## Information supplied
########

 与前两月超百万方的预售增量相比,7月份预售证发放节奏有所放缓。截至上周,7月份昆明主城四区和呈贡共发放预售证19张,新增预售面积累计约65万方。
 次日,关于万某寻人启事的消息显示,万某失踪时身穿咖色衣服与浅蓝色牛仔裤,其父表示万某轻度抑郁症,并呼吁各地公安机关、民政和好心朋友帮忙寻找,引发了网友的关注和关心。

########

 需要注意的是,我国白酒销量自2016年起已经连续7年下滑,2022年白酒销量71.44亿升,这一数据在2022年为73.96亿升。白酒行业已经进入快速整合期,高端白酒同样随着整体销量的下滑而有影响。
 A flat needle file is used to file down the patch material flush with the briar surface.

########

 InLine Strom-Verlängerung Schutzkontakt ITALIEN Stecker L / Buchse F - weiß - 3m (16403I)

########

## What is needed
Working from the records above, write out verbatim only the lines from the line containing "与前两月超百万方的预售增量相" through the line containing "次日,关于万某寻人启事的消息".

## Response box
 与前两月超百万方的预售增量相比,7月份预售证发放节奏有所放缓。截至上周,7月份昆明主城四区和呈贡共发放预售证19张,新增预售面积累计约65万方。
 次日,关于万某寻人启事的消息显示,万某失踪时身穿咖色衣服与浅蓝色牛仔裤,其父表示万某轻度抑郁症,并呼吁各地公安机关、民政和好心朋友帮忙寻找,引发了网友的关注和关心。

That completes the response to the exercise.